The Java-Enabled Web Server: Servlets, JSP, JSTL, XML, and Applets

Server-based applications-applications that run on a server, but which provide a client-side user interface- are becoming more and more popular. They solve the problem of software deployment by centralizing that deployment to the server itself. They also lend themselves to web applications, where the UI is hosted by a browser. Unfortunately, building a quality user interface for this environment can be tricky.
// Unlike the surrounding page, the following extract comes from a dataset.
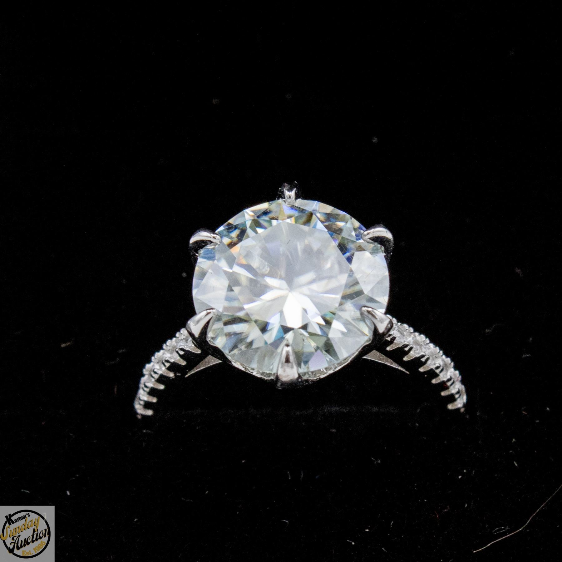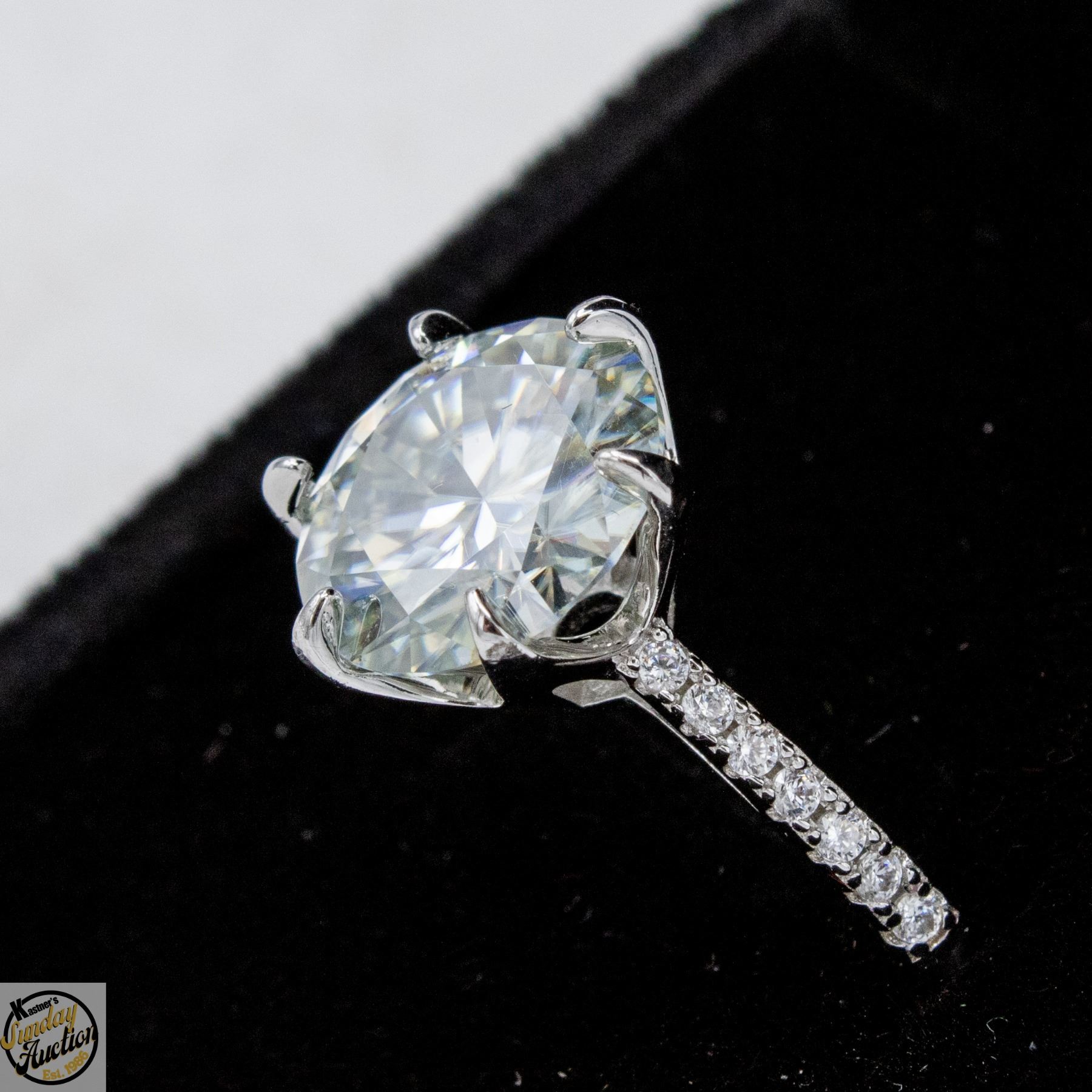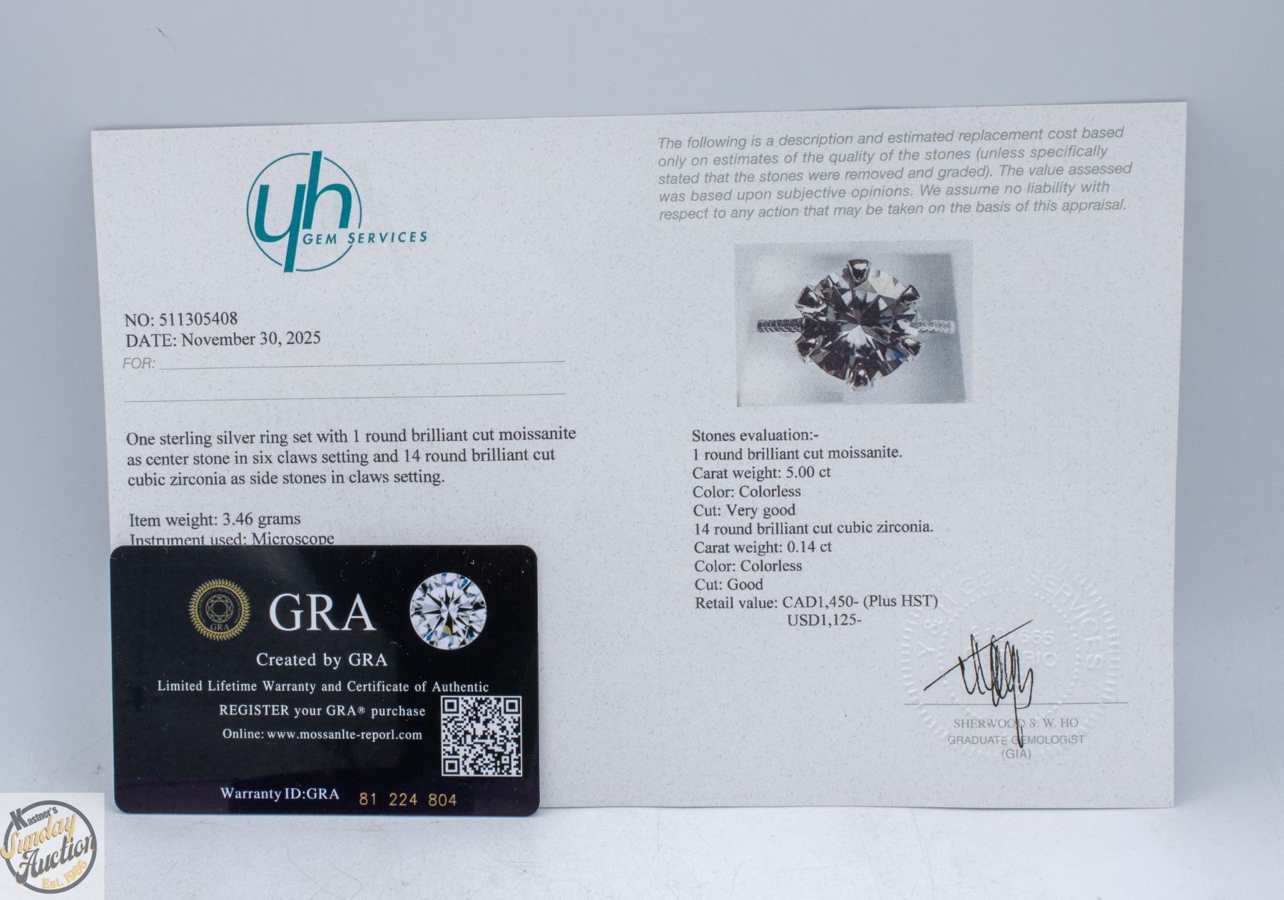 CUT MOISSANITE STONE VVS D COLOR SET IN CENTER WITH 14 ROUND BRILLIANT CUT CUBIC ZIRCONIA SET IN SHANKS SET IN 925 SILVER RING SIZE 5.5 RETAIL VALUE $1,450.00 **ALL ITEMS MUST BE REMOVED BY 5PM SATURDAY, APRIL 25TH 2026. ALL REMAINING ITEMS WILL BE SUBJECT TO A $6.00 PER DAY STORAGE CHARGE. ANY ITEMS REMAINING AFTER MONDAY, MAY 11TH 2026 WILL BE CONSIDERED FORFEITED. NO REFUNDS WILL BE ISSUED FOR FORFEITED ITEMS. TO SCHEDULE A PICK UP APPOINTMENT CLICK HERE

Java integrates several technologies that can work in concert to built a client-side UI for a server-based application: Servlets and Java Server Pages (JSP) let you easily handle forms built using HTML and delivered via HTTP and the Web server. XML/XSLT allow you to specify the look and feel of the UI without committing to a specific HTML implementation, and also allow you to pass information from the client to server side in a semistructured way. Applets are small client-side applications, deployed dynamically on a per-use basis, that allow you to offload simple work such as data validation from the server to the client side.
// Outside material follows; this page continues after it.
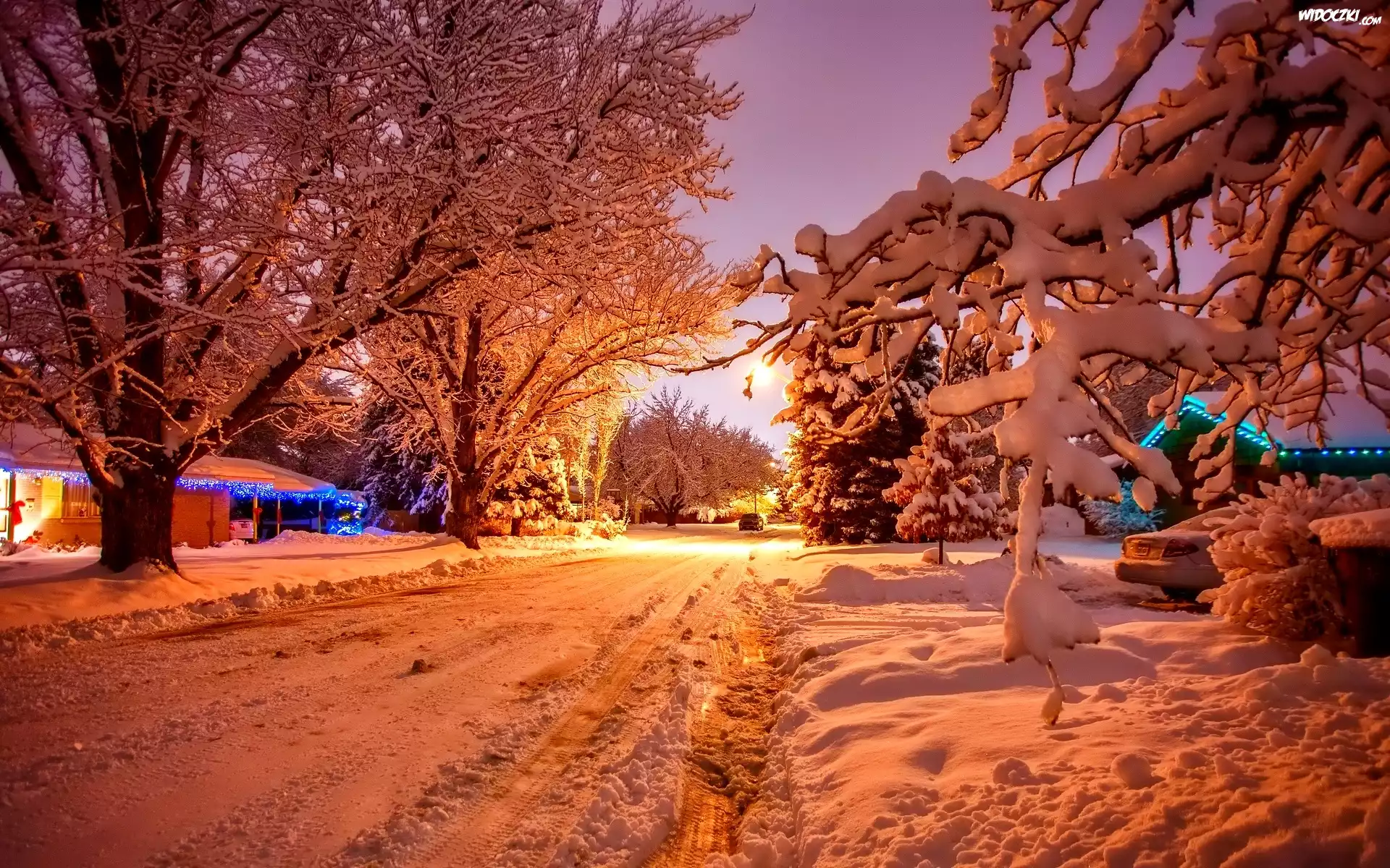 Zdjęcia, Zima, Droga, Zachód Słońca, Ośnieżone, Drzewa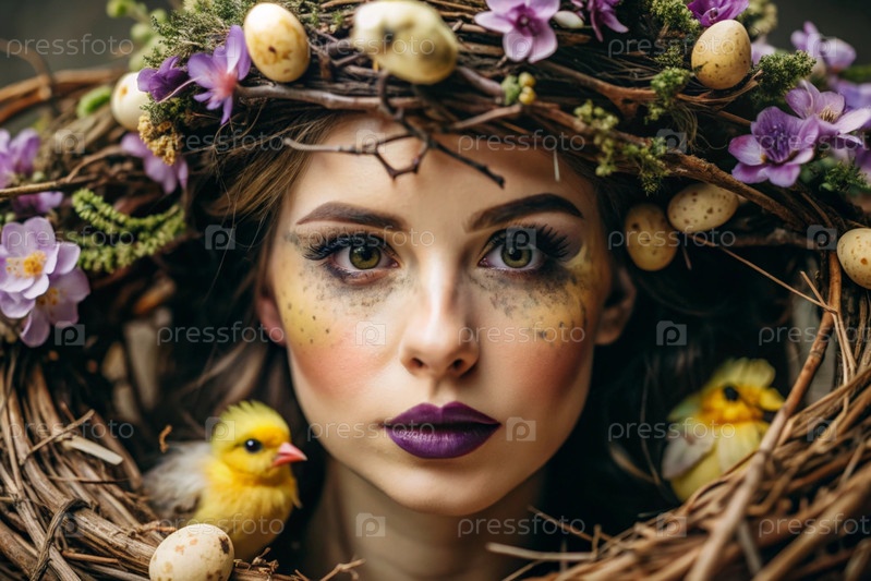 Творческий баннер для салона красоты. Профессиональный гримёр, стилист и парикмахер. Весенняя женщина с вечерним макияжем, цветами, птицами и гнездом на голове. Индустрия красоты

This class discusses these technologies from the programming point of view, showing you how to use them effectively to deploy a UI from your sever. In addition to the technology itself, we'll look at overall architectural issues, discussing both how to mix and match these technologies to solve specific problems and how to deploy a server-based UI over an object-oriented underlying system (using signed jar files, for example). Finally, we'll discuss an alternative to server-based applications: a client-side application that updates itself automatically from a server-side cache.

This class assumes a solid understanding of the Java programming language. We will not discuss web-server configuration issues.